A (random) 64-bit number periodically (say, every 24 hours) changed (separately for each session) at the request of the server. All subsequent messages must contain the new salt (although, messages with the old salt are still accepted for a further 300 seconds). Required to protect against replay attacks and certain tricks associated with adjusting the client clock to a moment in the distant future.

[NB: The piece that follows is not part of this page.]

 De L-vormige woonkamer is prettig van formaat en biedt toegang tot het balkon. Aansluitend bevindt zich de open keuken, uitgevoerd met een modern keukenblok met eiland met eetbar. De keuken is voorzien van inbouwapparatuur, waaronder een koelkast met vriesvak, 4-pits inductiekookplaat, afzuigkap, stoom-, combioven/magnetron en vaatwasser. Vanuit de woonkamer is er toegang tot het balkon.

A (time-dependent) 64-bit number used uniquely to identify a message within a session. Client message identifiers are divisible by 4, server message identifiers modulo 4 yield 1 if the message is a response to a client message, and 3 otherwise. Client message identifiers must increase monotonically (within a single session), the same as server message identifiers, and must approximately equal unixtime*2^32. This way, a message identifier points to the approximate moment in time the message was created. A message is rejected over 300 seconds after it is created or 30 seconds before it is created (this is needed to protect from replay attacks). In this situation, it must be re-sent with a different identifier (or placed in a container with a higher identifier). The identifier of a message container must be strictly greater than those of its nested messages.

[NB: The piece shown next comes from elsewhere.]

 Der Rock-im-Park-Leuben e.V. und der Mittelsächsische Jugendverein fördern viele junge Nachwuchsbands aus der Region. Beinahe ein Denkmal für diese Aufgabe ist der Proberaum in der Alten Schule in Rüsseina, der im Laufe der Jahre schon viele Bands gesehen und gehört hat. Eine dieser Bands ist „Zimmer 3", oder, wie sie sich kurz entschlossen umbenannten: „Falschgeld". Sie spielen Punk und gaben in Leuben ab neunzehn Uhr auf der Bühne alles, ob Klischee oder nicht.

Important: to counter replay-attacks the lower 32 bits of msg_id passed by the client must not be empty and must present a fractional part of the time point when the message was created.
A message requiring an explicit acknowledgment. These include all the user and many service messages, virtually all with the exception of containers and acknowledgments.
A 32-bit number equal to twice the number of “content-related” messages (those requiring acknowledgment, and in particular those that are not containers) created by the sender prior to this message and subsequently incremented by one if the current message is a content-related message. A container is always generated after its entire contents; therefore, its sequence number is greater than or equal to the sequence numbers of the messages contained in it.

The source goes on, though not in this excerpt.